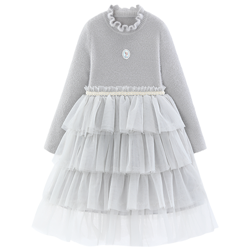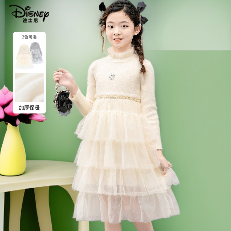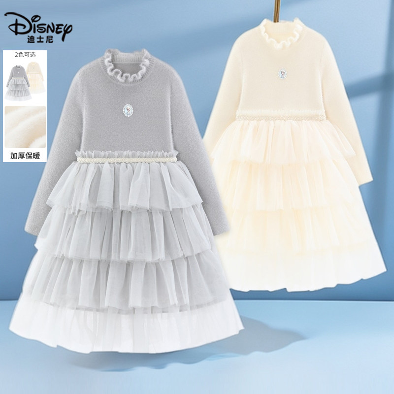 迪士尼童装女童长袖连衣裙女孩毛衣裙春秋季公主裙子打底裙蛋糕裙
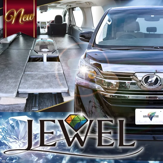 トヨタ・ヴェルファイア/アルファードをベース車として、快適な日常使いをそのままに、本格的な車中泊ライフを可能にしたモデルがJEWEL(ジュエル)です。グレードごとに仕様の異なるベース車両ですが、各モデルで設定が可能になりました。(一部例外車両も有り)内装の家具やベッドマットの素材、オプション装備も各ご用意しております。旧モデル(10系~30系モデル)の製作可能です。
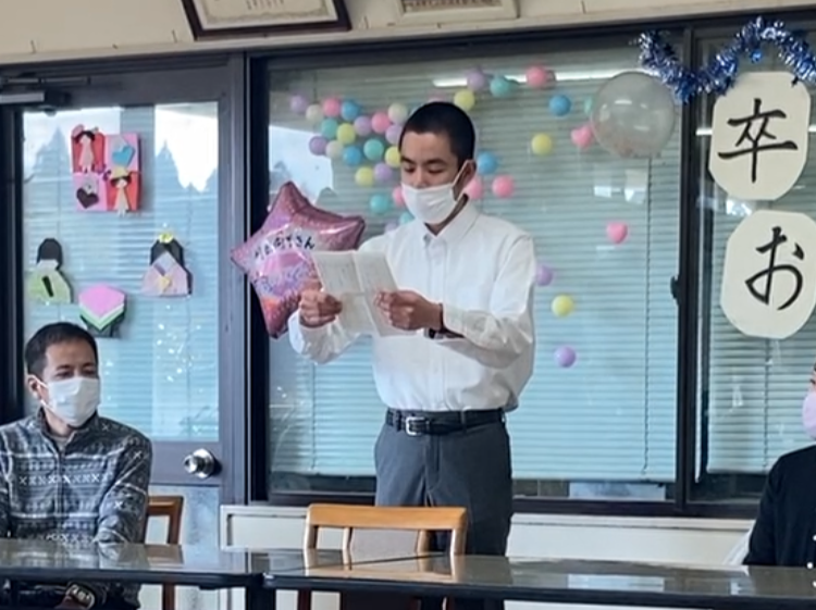 自宅から遠い光の村まで、毎週迎えに来てくださったこと、それは決して当然のことではありません。あなたを支え、見守ってくれた多くの思いに、常に感謝の気持ちを忘れず、皆の目標となる自慢の卒業生になってくれることを祈っております。
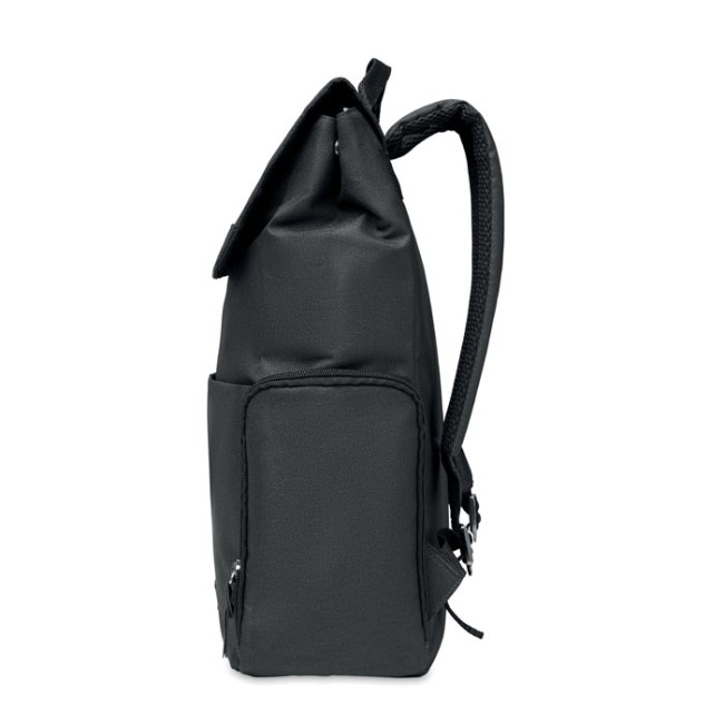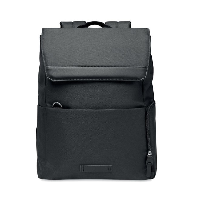 Zaino per laptop da 15 pollici in RPET 600D a 2 toni con chiusura a bottone magnetico. Portate il vostro laptop o tablet in ufficio o ovunque vi serva, in questo zaino dall'aspetto elegante. Lo scomparto del laptop è imbottito per una maggiore protezione e sicurezza durante il trasporto. Ha tasche frontali con cerniera e due tasche laterali per riporre oggetti più piccoli come notebook o bottiglie per bere. La borsa è realizzata in plastica PET riciclata.
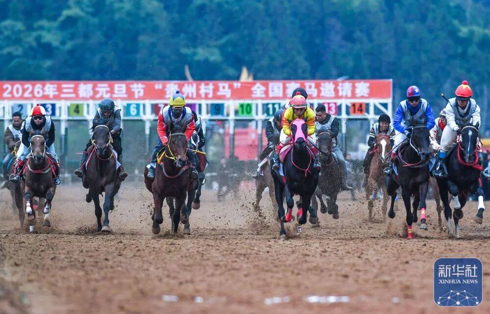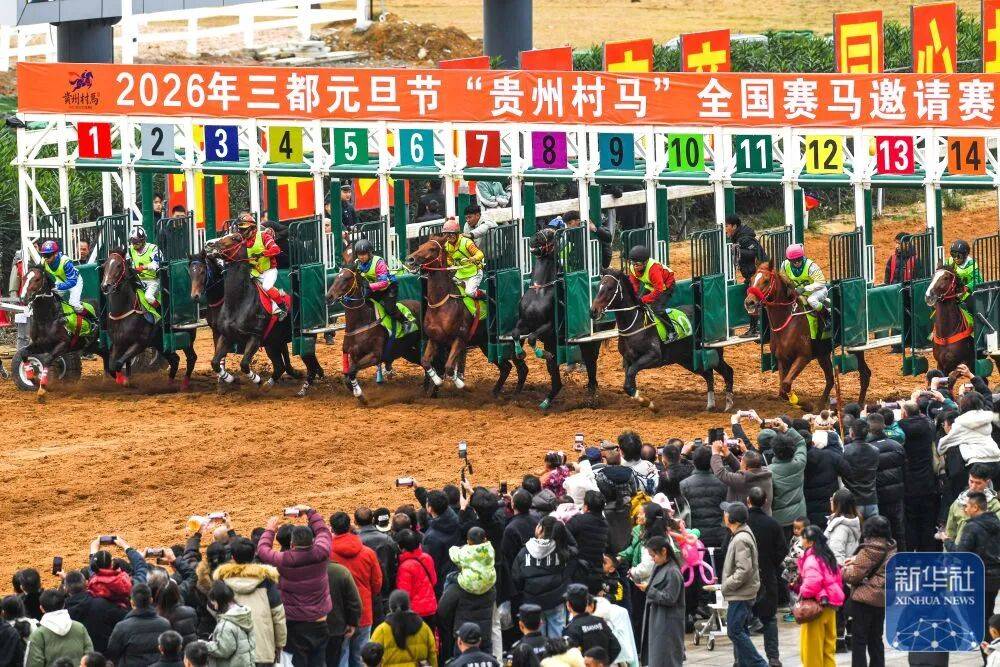 1月1日,2026年“贵州村马”全国赛马邀请赛在三都水族自治县举行,来自全国的多支代表队参加比赛。比赛期间举办马术表演、民俗展演等丰富多彩的活动,喜迎元旦节的到来。
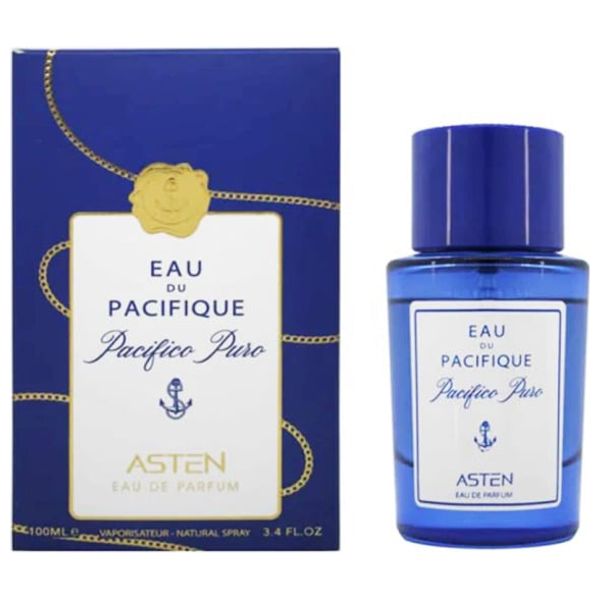 Eau Du Pacifique is a unisex fragrance by Asten that opens with green almond, star anise, and orange. The heart reveals white peach, ylang-ylang, and jasmine. The base blends bourbon vanilla, white musk, and cedarwood, delivering a balanced, versatile aroma suitable for daily wear.
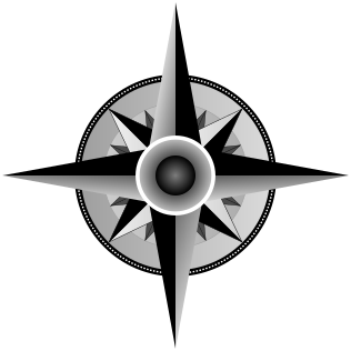 This features a black and white compass with a circle in the center. The compass is surrounded by four smaller circles, each one located at the corner of the compass. This design gives the impression that it's an old-fashioned compass, possibly used for navigation purposes. The overall appearance of the image suggests a sense of history and tradition, as well as a connection to the world of cartography and exploration.
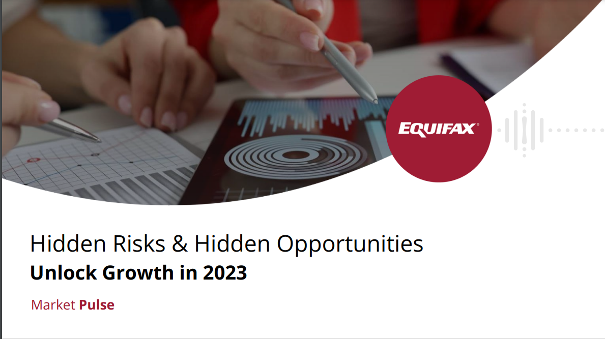 Start 2023 ahead with a macroeconomic and consumer credit update from Equifax Market Pulse. You’ll discover risk and marketing implications on your business and strategies for how you can be first among your competitors to identify hidden risks and hidden opportunities. And we’ll offer up a click down into the Auto and FinTech industries which signal wide-reaching implications across the US business landscape. You’ll also find out how leaders in these industries are using smart data and insights to reach the right new customers with confidence through the downturn.
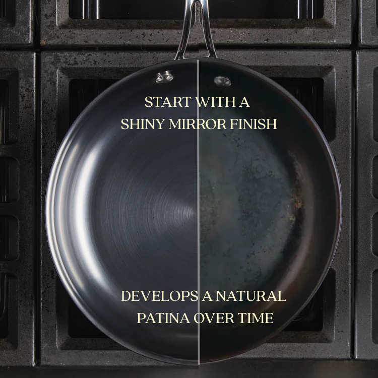 N₂ Carbon Steel is ready to use straight out of the box – no maintenance, no learning curve, and no fussy seasoning before or after cooking. Its surface darkens, strengthens, and develops a natural patina that becomes more nonstick over time.

▶ **Directions**
Please transcribe exactly the part of the records that opens with the line containing "トヨタ・ヴェルファイア/アル" and closes with the line containing "自宅から遠い光の村まで、毎週", both ends included, and leave out the pictures.

▶ **Finished exercise**
 トヨタ・ヴェルファイア/アルファードをベース車として、快適な日常使いをそのままに、本格的な車中泊ライフを可能にしたモデルがJEWEL(ジュエル)です。グレードごとに仕様の異なるベース車両ですが、各モデルで設定が可能になりました。(一部例外車両も有り)内装の家具やベッドマットの素材、オプション装備も各ご用意しております。旧モデル(10系~30系モデル)の製作可能です。
 自宅から遠い光の村まで、毎週迎えに来てくださったこと、それは決して当然のことではありません。あなたを支え、見守ってくれた多くの思いに、常に感謝の気持ちを忘れず、皆の目標となる自慢の卒業生になってくれることを祈っております。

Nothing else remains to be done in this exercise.